Target audience: product managers, marketers, analysts, finance professionals, C-level executives.

---

## Language Detection

Detect the language from the user's message. Use that language for all output — the summary document, clarifying questions, and responses. If the user writes in Russian, respond and generate the output in Russian. If in English — in English.

---

## Input

- A PDF or PPTX report file
- The user specifies the file name or path in their message, or uploads the file directly

---

## Output

A structured summary document (up to 1.5 pages) containing:
- Report metadata
- Executive Summary
- Key figures and data
- Key insights
- Report structure

---

## Instructions

### Step 1 — Locate the input file

The user specifies the report file name in their message. Locate the file using this order:

1. Check the current working directory and subdirectories (e.g. `input/` folder or project root)
2. If the user provided a full path — use it directly

**File search:**
```bash
find . -iname "*.pdf" -o -iname "*.pptx" 2>/dev/null
```

**If the file is not found** — ask the user:
> "Please specify the exact file name or path to the report, or upload the file directly. Supported formats: PDF, PPTX."
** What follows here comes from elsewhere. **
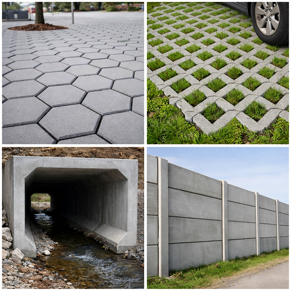 Material beton precast dirancang dengan dimensi yang presisi sehingga memudahkan perencanaan dan pemasangan. Produk seperti paving block hexagonal, paving grass block, box culvert precast, dan pagar panel beton tidak hanya berfungsi secara struktural, tetapi juga berkontribusi pada pengaturan ruang yang lebih efisien.
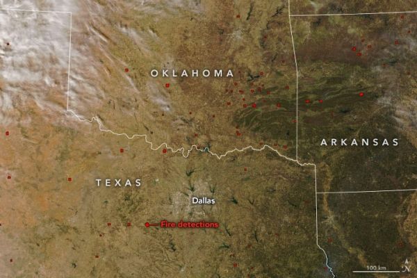 High winds, low humidity, and drought-parched grasses fueled a rash of wildfires in Texas, Oklahoma, and Arkansas in mid-March 2022. According to the Texas A&M Forest Service, at least 178 wildfires have burned more than 108,000 acres across Texas in the past seven days, including one of the largest blazes (by area) in state history. At least three first responders have died in Texas and Oklahoma while responding to the fires.

**If the format is not supported:**
> "This skill works with PDF and PPTX files. Please provide a file in one of these formats."

---

### Step 2 — Ask clarifying questions

Ask the user the following questions before proceeding:

**Question 1:** "What is the analysis focus?"
- General overview
- Numbers and data
- Strategic takeaways
- Everything combined

**Question 2:** "What output file format do you prefer?"
- .md
- .pdf
- .docx

Do not create the output file until both questions are answered.

---

### Step 3 — Read and process the file

**For PDF:**
```python
import pdfplumber

with pdfplumber.open("path/to/file.pdf") as pdf:
    text = ""
    for page in pdf.pages:
        text += page.extract_text() or ""
        # Extract tables
        tables = page.extract_tables()
```

Also extract metadata:
```python
from pypdf import PdfReader
reader = PdfReader("path/to/file.pdf")
meta = reader.metadata
pages_count = len(reader.pages)
```

**For PPTX:**
```bash
python -m markitdown presentation.pptx
```

If text extraction fails (scanned PDF) — use OCR:
```python
import pytesseract
from pdf2image import convert_from_path
images = convert_from_path('file.pdf')
for image in images:
    text += pytesseract.image_to_string(image)
```

---

### Step 4 — Perform analysis

Based on the extracted text, generate content according to the structure below.

**Analysis rules:**
- Extract only facts and data from the report — do not infer or fabricate
- All numbers must be exact — as in the original
- Formulate insights in the third person ("the authors note", "the report indicates")
- If data is contradictory — flag it explicitly
- Output document must not exceed 1.5 pages

**How to identify insights (selection criteria):**

An insight is a statement from the report that meets at least one criterion:

1. **Non-obvious** — the finding contradicts conventional wisdom or expectations ("contrary to popular belief...", "unexpectedly...")
2. **Quantitative shift** — a sharp change in a metric (growth/decline >20%, trend reversal, record)
3. **Causal relationship** — the report explicitly links cause and effect ("X led to Y", "the main driver is Z")
4. **Forecast or warning** — authors make a prediction or flag a risk with specific parameters
5. **Actionability** — a finding that enables a management decision (not just a description of the situation)

**How to formulate an insight:**
- One sentence, two at most
- Lead with the substance, not the context
- Include specific numbers where available
- Bad: "The AI market is growing" → Good: "The GenAI market grew 68% YoY to $127B, outpacing analyst forecasts by 15 p.p."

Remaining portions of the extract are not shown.